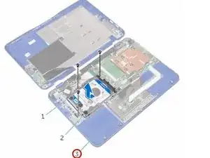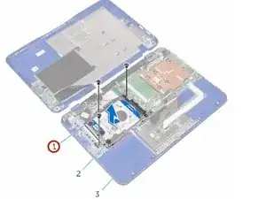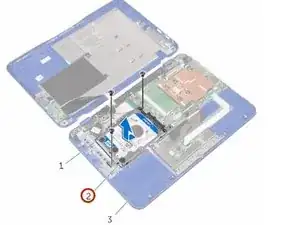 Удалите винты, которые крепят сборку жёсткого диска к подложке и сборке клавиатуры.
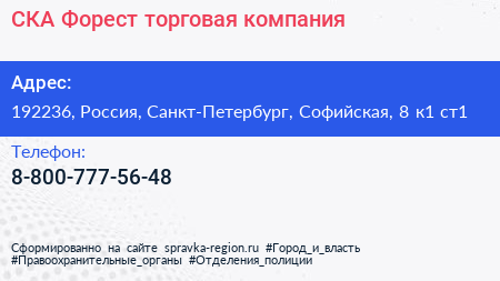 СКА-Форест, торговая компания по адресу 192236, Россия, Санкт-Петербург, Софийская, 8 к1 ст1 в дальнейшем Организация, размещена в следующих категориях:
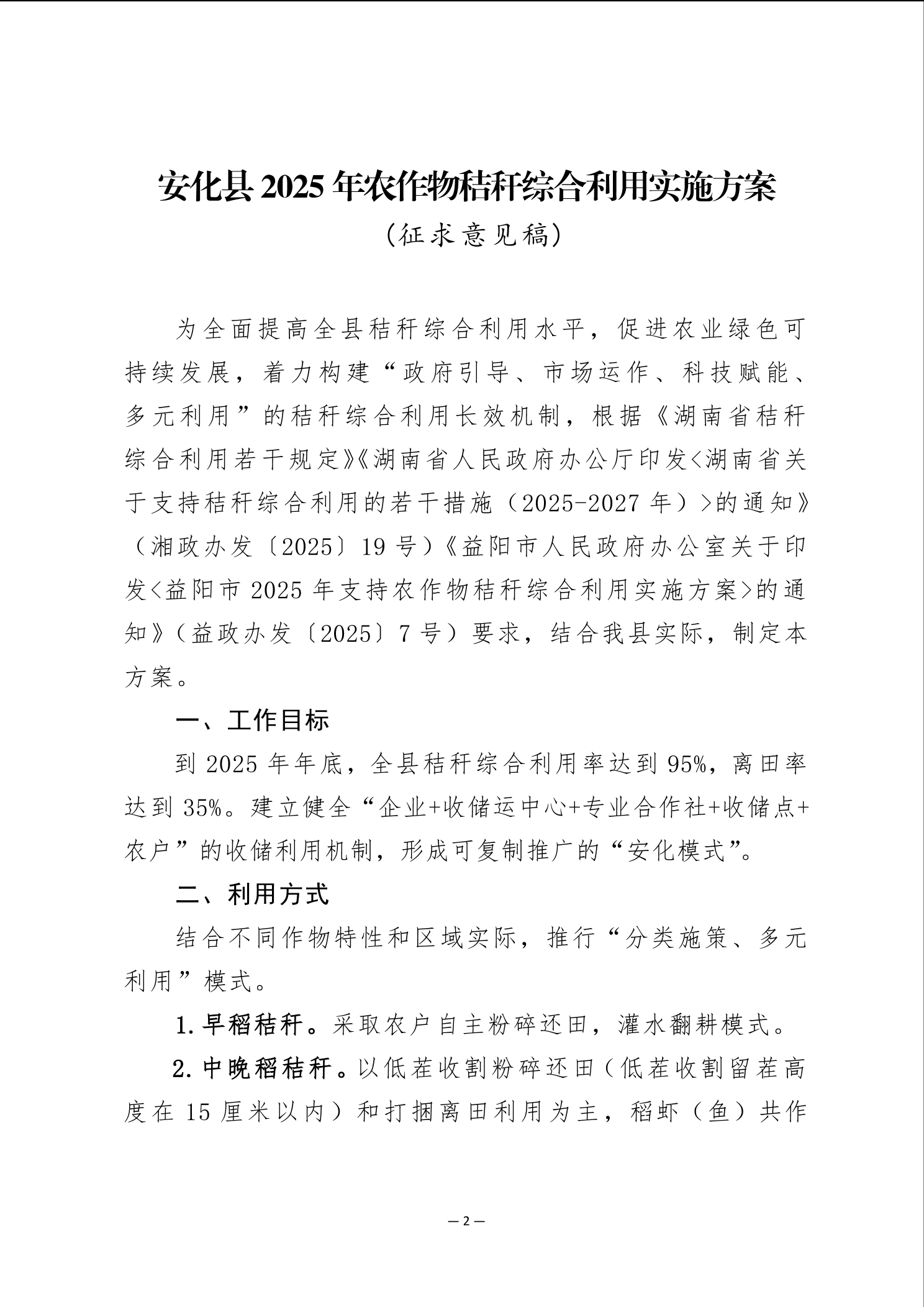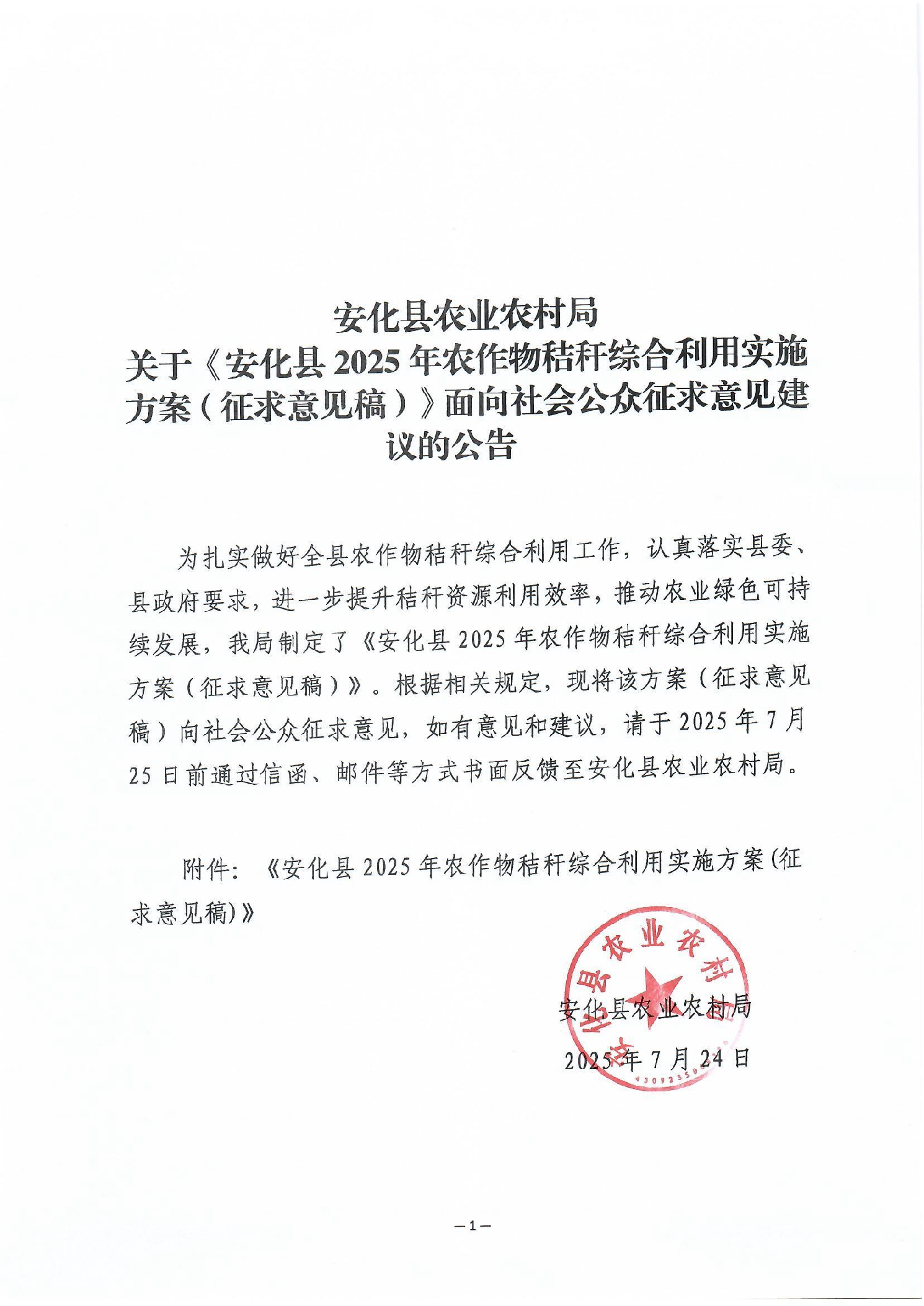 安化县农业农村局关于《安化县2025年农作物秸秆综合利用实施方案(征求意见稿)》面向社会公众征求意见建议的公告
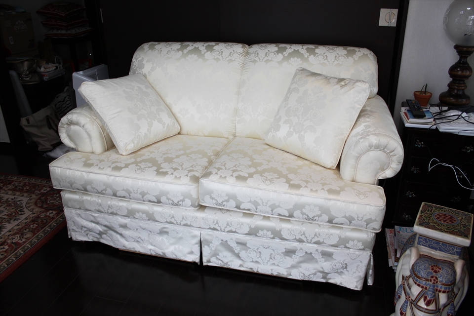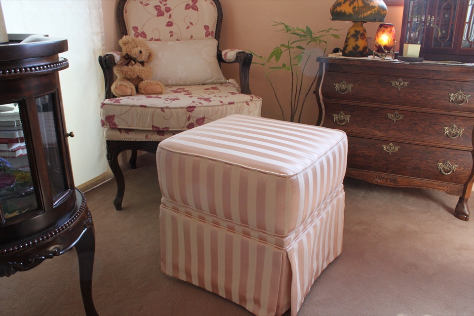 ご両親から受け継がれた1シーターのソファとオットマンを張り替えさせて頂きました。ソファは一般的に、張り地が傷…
==
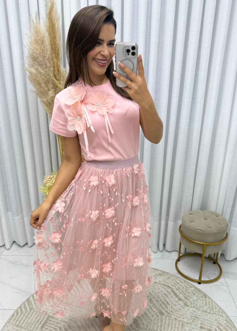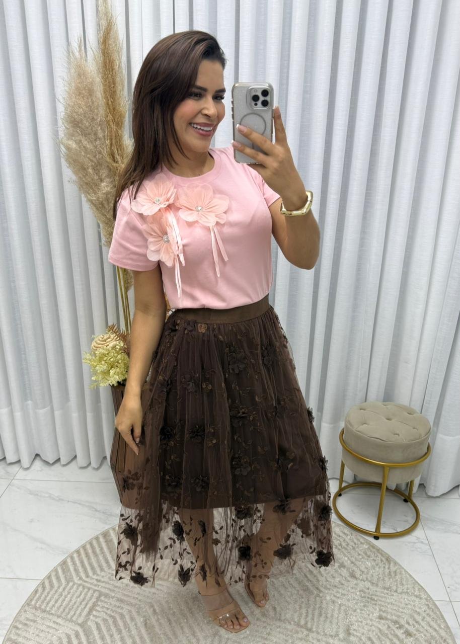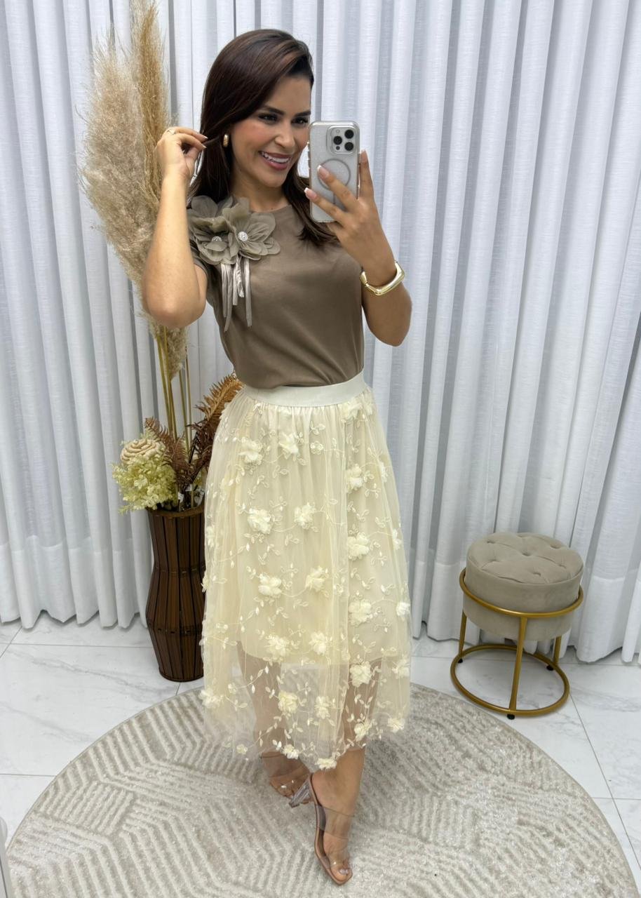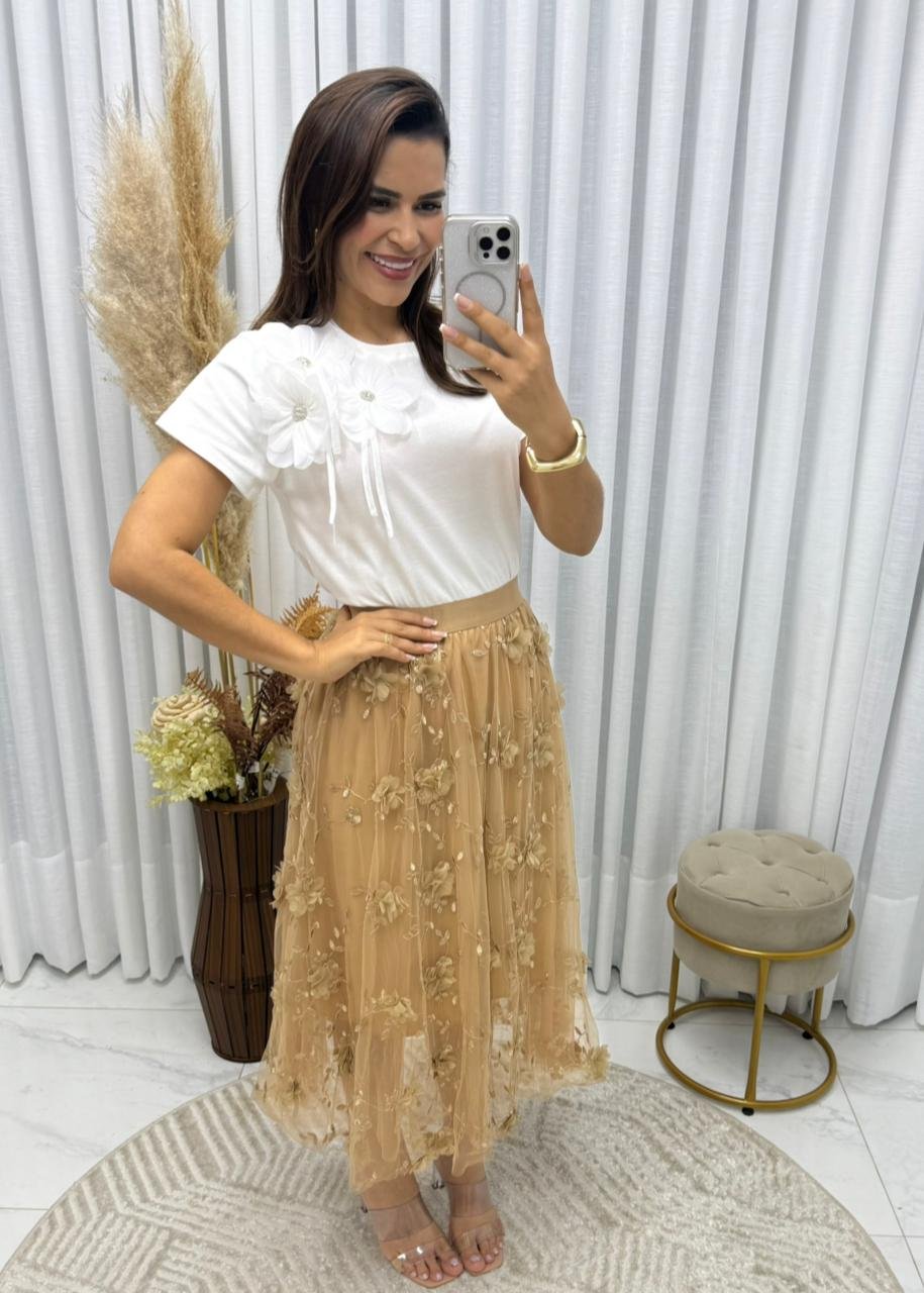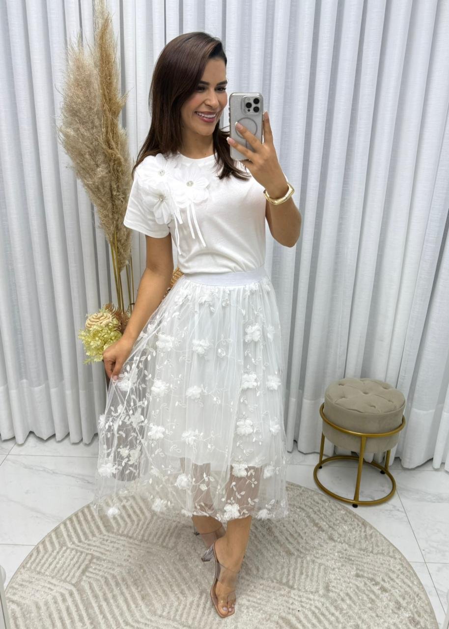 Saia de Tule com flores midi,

(WHAT NEEDS TO BE DONE): Look above for the line with "Удалите винты, которые" and the line with "ご両親から受け継がれた1シー", then copy them and all lines in between exactly as written, and only those, without any pictures.

(TASK RESPONSE):
 Удалите винты, которые крепят сборку жёсткого диска к подложке и сборке клавиатуры.
 СКА-Форест, торговая компания по адресу 192236, Россия, Санкт-Петербург, Софийская, 8 к1 ст1 в дальнейшем Организация, размещена в следующих категориях:
 安化县农业农村局关于《安化县2025年农作物秸秆综合利用实施方案(征求意见稿)》面向社会公众征求意见建议的公告
 ご両親から受け継がれた1シーターのソファとオットマンを張り替えさせて頂きました。ソファは一般的に、張り地が傷…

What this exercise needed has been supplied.